Okay, I got that out of the way. Now I can say that no informed considerate person would condone chucking waste into the ocean or anywhere not designed for receiving waste. I’d venture to say that not one of the responders on this site, catastrophist or realist, are happy with this state of affairs. In this problem, we spend all our time shouting at the wrong people.

Sean Staplin
February 18, 2016 5:39 pm

I think this is one of the issues that is getting thrown under the bus for the AGW hysteria.

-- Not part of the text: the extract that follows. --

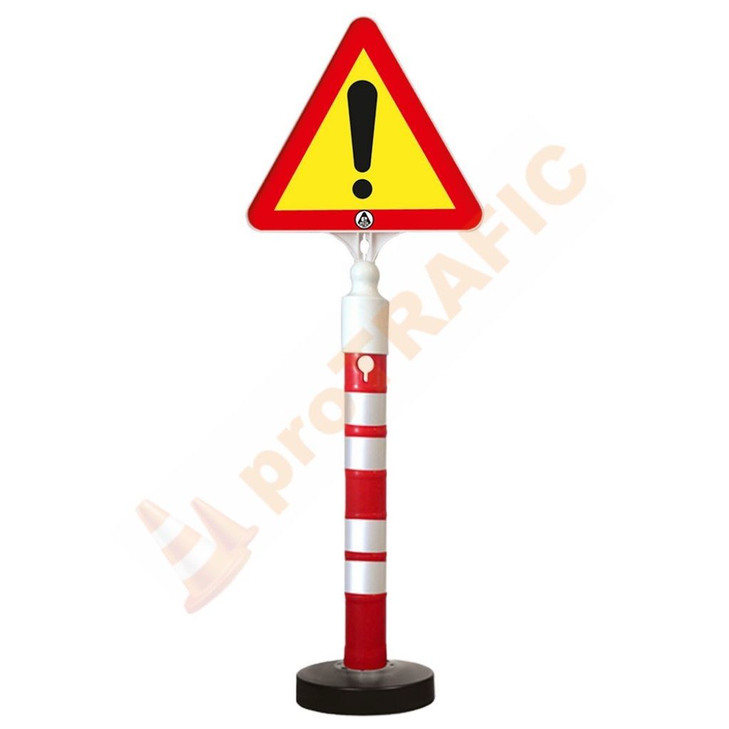 Stalp atentionare mobil 1200mm, 12kg cu indicator Atentie cu baza de plastic umpluta cu nisip si o greutate de 12 kg, este un dispozitiv mobil si stabil, ideal pentru marcarea diferitelor spatii sau ghidarea traficului in diverse contexte. Acesta este confectionat din plastic durabil, este usor de manevrat si rezistent la conditii atmosferice variate.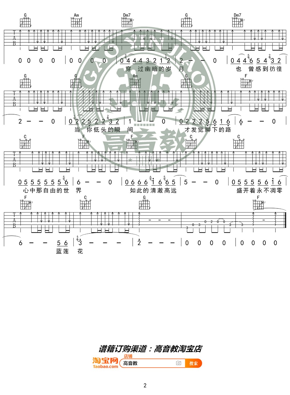 曲谱介绍: 许巍《蓝莲花》吉他弹唱谱,采用C调指法编配,高音教编配出品,共有2张高清图谱,免翻页排版设计。

February 18, 2016 10:34 pm

Obvious solution.
Go and scoop the stuff up, and make wind turbine blades or solar panels out of it !

February 19, 2016 2:44 am

I love the line from Laurie David in the Morano link:
“Our bodies have evolved to handle carbon dioxide, the nemesis of global warming, indeed, we exhale it with every breath.”
Wowee, this guy is good!
The other reference worthy of note is this: “It now has the attention of the beleaguered head of the UN Intergovernmental Panel on Climate Change (IPCC) Rajendra Pachauri.”
He was beleaguered then because of the Himalayan Glaciers, he is beleaguered again now because Himalayan where he didn’t ought to, or certainly tried to. He is facing charges of sexual harassment and the charge sheet runs to 500 pages.

February 19, 2016 6:17 am

What did the White man ever do for us?

Frederik Michiels
February 22, 2016 6:02 am

i honestly would find it better to see all the money spent in climate change to be shifted to clean up the plastics out of the oceans.
the first is a research to nothing, the second will give us at least a cleaner ocean, which is a REAL and beneficial result.
i’ve always given more importance to real pollution and plastics are real pollution. i always say “if the money spent into the IPCC would be spent to clean up the oceans, they would have been cleaned up 20 times by now, which would have contributed to a cleaner environment.